» **Problem to solve**
Nothing may be left out, so copy every entry exactly.
Start of Record set
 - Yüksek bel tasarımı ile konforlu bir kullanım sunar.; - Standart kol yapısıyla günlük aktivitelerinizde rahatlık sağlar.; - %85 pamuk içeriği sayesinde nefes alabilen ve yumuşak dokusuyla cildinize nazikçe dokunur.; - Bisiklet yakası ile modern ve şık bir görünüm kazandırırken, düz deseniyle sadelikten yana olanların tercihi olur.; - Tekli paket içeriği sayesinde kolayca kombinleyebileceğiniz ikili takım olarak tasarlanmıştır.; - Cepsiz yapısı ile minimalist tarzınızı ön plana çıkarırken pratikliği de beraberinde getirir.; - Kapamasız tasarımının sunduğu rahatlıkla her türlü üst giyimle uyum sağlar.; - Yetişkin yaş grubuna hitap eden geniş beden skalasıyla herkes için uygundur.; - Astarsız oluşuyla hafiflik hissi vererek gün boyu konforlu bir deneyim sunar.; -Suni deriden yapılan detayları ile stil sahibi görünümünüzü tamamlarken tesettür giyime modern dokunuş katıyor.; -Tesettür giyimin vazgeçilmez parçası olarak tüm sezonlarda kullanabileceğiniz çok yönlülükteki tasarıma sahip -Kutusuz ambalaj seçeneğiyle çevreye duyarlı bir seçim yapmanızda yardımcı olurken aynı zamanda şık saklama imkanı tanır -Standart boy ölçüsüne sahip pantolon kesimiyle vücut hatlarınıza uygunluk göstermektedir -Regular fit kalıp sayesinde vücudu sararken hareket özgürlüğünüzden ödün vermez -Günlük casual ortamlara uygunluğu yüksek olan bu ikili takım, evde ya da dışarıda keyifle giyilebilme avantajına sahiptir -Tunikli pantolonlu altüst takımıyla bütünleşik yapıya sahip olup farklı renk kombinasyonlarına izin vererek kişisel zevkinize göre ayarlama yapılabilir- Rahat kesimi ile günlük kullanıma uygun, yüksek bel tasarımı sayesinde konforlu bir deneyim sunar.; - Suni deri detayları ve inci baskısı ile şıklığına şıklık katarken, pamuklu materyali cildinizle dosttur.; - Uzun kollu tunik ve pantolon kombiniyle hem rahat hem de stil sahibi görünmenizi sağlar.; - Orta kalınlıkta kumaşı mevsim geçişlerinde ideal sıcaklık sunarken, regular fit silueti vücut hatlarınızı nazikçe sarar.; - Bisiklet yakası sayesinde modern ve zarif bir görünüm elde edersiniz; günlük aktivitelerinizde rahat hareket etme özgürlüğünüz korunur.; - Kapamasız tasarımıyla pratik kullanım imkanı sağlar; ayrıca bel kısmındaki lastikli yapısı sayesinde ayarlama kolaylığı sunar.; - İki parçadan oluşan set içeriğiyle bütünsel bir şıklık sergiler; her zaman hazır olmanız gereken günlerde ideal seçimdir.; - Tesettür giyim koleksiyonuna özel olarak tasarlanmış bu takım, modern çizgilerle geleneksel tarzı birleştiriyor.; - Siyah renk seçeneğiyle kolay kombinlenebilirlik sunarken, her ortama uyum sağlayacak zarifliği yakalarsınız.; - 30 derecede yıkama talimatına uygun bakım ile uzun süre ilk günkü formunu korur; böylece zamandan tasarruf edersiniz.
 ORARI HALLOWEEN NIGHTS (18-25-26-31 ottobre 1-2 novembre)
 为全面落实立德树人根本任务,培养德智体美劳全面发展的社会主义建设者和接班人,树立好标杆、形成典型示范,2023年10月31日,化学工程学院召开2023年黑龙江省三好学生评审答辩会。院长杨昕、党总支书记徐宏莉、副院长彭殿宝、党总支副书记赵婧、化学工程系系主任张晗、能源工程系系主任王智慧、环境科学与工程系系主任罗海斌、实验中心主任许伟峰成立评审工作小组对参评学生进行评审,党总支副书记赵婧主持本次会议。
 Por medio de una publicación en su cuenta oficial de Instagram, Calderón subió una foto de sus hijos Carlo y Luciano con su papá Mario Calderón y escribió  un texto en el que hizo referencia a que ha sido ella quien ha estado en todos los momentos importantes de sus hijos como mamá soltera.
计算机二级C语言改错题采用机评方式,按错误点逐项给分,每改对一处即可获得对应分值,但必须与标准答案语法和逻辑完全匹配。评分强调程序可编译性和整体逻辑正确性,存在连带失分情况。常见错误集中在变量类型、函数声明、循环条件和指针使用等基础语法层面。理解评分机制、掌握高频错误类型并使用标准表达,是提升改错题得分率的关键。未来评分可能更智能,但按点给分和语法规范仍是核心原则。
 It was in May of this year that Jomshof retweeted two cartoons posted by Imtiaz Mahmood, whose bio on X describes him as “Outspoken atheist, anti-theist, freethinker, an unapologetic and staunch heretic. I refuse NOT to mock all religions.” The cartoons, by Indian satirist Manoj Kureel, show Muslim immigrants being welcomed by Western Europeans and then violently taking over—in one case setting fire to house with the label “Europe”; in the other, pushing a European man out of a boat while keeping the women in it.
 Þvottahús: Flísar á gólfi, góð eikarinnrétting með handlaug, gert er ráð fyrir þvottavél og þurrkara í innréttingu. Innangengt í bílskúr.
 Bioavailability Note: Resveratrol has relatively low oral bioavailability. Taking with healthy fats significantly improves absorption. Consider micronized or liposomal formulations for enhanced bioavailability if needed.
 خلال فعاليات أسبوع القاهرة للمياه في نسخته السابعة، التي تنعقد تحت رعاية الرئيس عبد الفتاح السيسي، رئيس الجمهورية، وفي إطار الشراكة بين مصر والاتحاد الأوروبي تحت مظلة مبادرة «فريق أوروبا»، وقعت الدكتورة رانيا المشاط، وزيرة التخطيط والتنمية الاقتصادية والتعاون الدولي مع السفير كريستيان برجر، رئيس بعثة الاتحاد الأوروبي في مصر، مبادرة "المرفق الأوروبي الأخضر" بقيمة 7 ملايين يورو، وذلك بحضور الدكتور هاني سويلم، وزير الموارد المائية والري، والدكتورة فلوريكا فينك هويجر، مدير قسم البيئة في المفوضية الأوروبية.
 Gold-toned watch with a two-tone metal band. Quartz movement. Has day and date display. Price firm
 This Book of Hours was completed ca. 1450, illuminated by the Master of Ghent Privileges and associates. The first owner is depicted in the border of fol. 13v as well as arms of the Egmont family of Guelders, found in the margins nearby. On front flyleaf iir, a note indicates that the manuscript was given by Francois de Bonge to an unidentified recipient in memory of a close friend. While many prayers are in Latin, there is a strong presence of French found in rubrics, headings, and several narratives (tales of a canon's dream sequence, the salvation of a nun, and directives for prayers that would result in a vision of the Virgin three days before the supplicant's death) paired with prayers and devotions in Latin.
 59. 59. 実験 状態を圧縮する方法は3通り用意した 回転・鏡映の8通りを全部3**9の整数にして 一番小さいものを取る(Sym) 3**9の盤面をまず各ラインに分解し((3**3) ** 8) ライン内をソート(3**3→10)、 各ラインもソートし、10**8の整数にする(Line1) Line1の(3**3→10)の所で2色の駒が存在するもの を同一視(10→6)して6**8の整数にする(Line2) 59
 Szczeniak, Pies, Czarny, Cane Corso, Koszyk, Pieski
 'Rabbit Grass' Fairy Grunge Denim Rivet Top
End of Record set
» **Written response**
 - Yüksek bel tasarımı ile konforlu bir kullanım sunar.; - Standart kol yapısıyla günlük aktivitelerinizde rahatlık sağlar.; - %85 pamuk içeriği sayesinde nefes alabilen ve yumuşak dokusuyla cildinize nazikçe dokunur.; - Bisiklet yakası ile modern ve şık bir görünüm kazandırırken, düz deseniyle sadelikten yana olanların tercihi olur.; - Tekli paket içeriği sayesinde kolayca kombinleyebileceğiniz ikili takım olarak tasarlanmıştır.; - Cepsiz yapısı ile minimalist tarzınızı ön plana çıkarırken pratikliği de beraberinde getirir.; - Kapamasız tasarımının sunduğu rahatlıkla her türlü üst giyimle uyum sağlar.; - Yetişkin yaş grubuna hitap eden geniş beden skalasıyla herkes için uygundur.; - Astarsız oluşuyla hafiflik hissi vererek gün boyu konforlu bir deneyim sunar.; -Suni deriden yapılan detayları ile stil sahibi görünümünüzü tamamlarken tesettür giyime modern dokunuş katıyor.; -Tesettür giyimin vazgeçilmez parçası olarak tüm sezonlarda kullanabileceğiniz çok yönlülükteki tasarıma sahip -Kutusuz ambalaj seçeneğiyle çevreye duyarlı bir seçim yapmanızda yardımcı olurken aynı zamanda şık saklama imkanı tanır -Standart boy ölçüsüne sahip pantolon kesimiyle vücut hatlarınıza uygunluk göstermektedir -Regular fit kalıp sayesinde vücudu sararken hareket özgürlüğünüzden ödün vermez -Günlük casual ortamlara uygunluğu yüksek olan bu ikili takım, evde ya da dışarıda keyifle giyilebilme avantajına sahiptir -Tunikli pantolonlu altüst takımıyla bütünleşik yapıya sahip olup farklı renk kombinasyonlarına izin vererek kişisel zevkinize göre ayarlama yapılabilir- Rahat kesimi ile günlük kullanıma uygun, yüksek bel tasarımı sayesinde konforlu bir deneyim sunar.; - Suni deri detayları ve inci baskısı ile şıklığına şıklık katarken, pamuklu materyali cildinizle dosttur.; - Uzun kollu tunik ve pantolon kombiniyle hem rahat hem de stil sahibi görünmenizi sağlar.; - Orta kalınlıkta kumaşı mevsim geçişlerinde ideal sıcaklık sunarken, regular fit silueti vücut hatlarınızı nazikçe sarar.; - Bisiklet yakası sayesinde modern ve zarif bir görünüm elde edersiniz; günlük aktivitelerinizde rahat hareket etme özgürlüğünüz korunur.; - Kapamasız tasarımıyla pratik kullanım imkanı sağlar; ayrıca bel kısmındaki lastikli yapısı sayesinde ayarlama kolaylığı sunar.; - İki parçadan oluşan set içeriğiyle bütünsel bir şıklık sergiler; her zaman hazır olmanız gereken günlerde ideal seçimdir.; - Tesettür giyim koleksiyonuna özel olarak tasarlanmış bu takım, modern çizgilerle geleneksel tarzı birleştiriyor.; - Siyah renk seçeneğiyle kolay kombinlenebilirlik sunarken, her ortama uyum sağlayacak zarifliği yakalarsınız.; - 30 derecede yıkama talimatına uygun bakım ile uzun süre ilk günkü formunu korur; böylece zamandan tasarruf edersiniz.
 ORARI HALLOWEEN NIGHTS (18-25-26-31 ottobre 1-2 novembre)
 为全面落实立德树人根本任务,培养德智体美劳全面发展的社会主义建设者和接班人,树立好标杆、形成典型示范,2023年10月31日,化学工程学院召开2023年黑龙江省三好学生评审答辩会。院长杨昕、党总支书记徐宏莉、副院长彭殿宝、党总支副书记赵婧、化学工程系系主任张晗、能源工程系系主任王智慧、环境科学与工程系系主任罗海斌、实验中心主任许伟峰成立评审工作小组对参评学生进行评审,党总支副书记赵婧主持本次会议。
 Por medio de una publicación en su cuenta oficial de Instagram, Calderón subió una foto de sus hijos Carlo y Luciano con su papá Mario Calderón y escribió  un texto en el que hizo referencia a que ha sido ella quien ha estado en todos los momentos importantes de sus hijos como mamá soltera.
计算机二级C语言改错题采用机评方式,按错误点逐项给分,每改对一处即可获得对应分值,但必须与标准答案语法和逻辑完全匹配。评分强调程序可编译性和整体逻辑正确性,存在连带失分情况。常见错误集中在变量类型、函数声明、循环条件和指针使用等基础语法层面。理解评分机制、掌握高频错误类型并使用标准表达,是提升改错题得分率的关键。未来评分可能更智能,但按点给分和语法规范仍是核心原则。
 It was in May of this year that Jomshof retweeted two cartoons posted by Imtiaz Mahmood, whose bio on X describes him as “Outspoken atheist, anti-theist, freethinker, an unapologetic and staunch heretic. I refuse NOT to mock all religions.” The cartoons, by Indian satirist Manoj Kureel, show Muslim immigrants being welcomed by Western Europeans and then violently taking over—in one case setting fire to house with the label “Europe”; in the other, pushing a European man out of a boat while keeping the women in it.
 Þvottahús: Flísar á gólfi, góð eikarinnrétting með handlaug, gert er ráð fyrir þvottavél og þurrkara í innréttingu. Innangengt í bílskúr.
 Bioavailability Note: Resveratrol has relatively low oral bioavailability. Taking with healthy fats significantly improves absorption. Consider micronized or liposomal formulations for enhanced bioavailability if needed.
 خلال فعاليات أسبوع القاهرة للمياه في نسخته السابعة، التي تنعقد تحت رعاية الرئيس عبد الفتاح السيسي، رئيس الجمهورية، وفي إطار الشراكة بين مصر والاتحاد الأوروبي تحت مظلة مبادرة «فريق أوروبا»، وقعت الدكتورة رانيا المشاط، وزيرة التخطيط والتنمية الاقتصادية والتعاون الدولي مع السفير كريستيان برجر، رئيس بعثة الاتحاد الأوروبي في مصر، مبادرة "المرفق الأوروبي الأخضر" بقيمة 7 ملايين يورو، وذلك بحضور الدكتور هاني سويلم، وزير الموارد المائية والري، والدكتورة فلوريكا فينك هويجر، مدير قسم البيئة في المفوضية الأوروبية.
 Gold-toned watch with a two-tone metal band. Quartz movement. Has day and date display. Price firm
 This Book of Hours was completed ca. 1450, illuminated by the Master of Ghent Privileges and associates. The first owner is depicted in the border of fol. 13v as well as arms of the Egmont family of Guelders, found in the margins nearby. On front flyleaf iir, a note indicates that the manuscript was given by Francois de Bonge to an unidentified recipient in memory of a close friend. While many prayers are in Latin, there is a strong presence of French found in rubrics, headings, and several narratives (tales of a canon's dream sequence, the salvation of a nun, and directives for prayers that would result in a vision of the Virgin three days before the supplicant's death) paired with prayers and devotions in Latin.
 59. 59. 実験 状態を圧縮する方法は3通り用意した 回転・鏡映の8通りを全部3**9の整数にして 一番小さいものを取る(Sym) 3**9の盤面をまず各ラインに分解し((3**3) ** 8) ライン内をソート(3**3→10)、 各ラインもソートし、10**8の整数にする(Line1) Line1の(3**3→10)の所で2色の駒が存在するもの を同一視(10→6)して6**8の整数にする(Line2) 59
 Szczeniak, Pies, Czarny, Cane Corso, Koszyk, Pieski
 'Rabbit Grass' Fairy Grunge Denim Rivet Top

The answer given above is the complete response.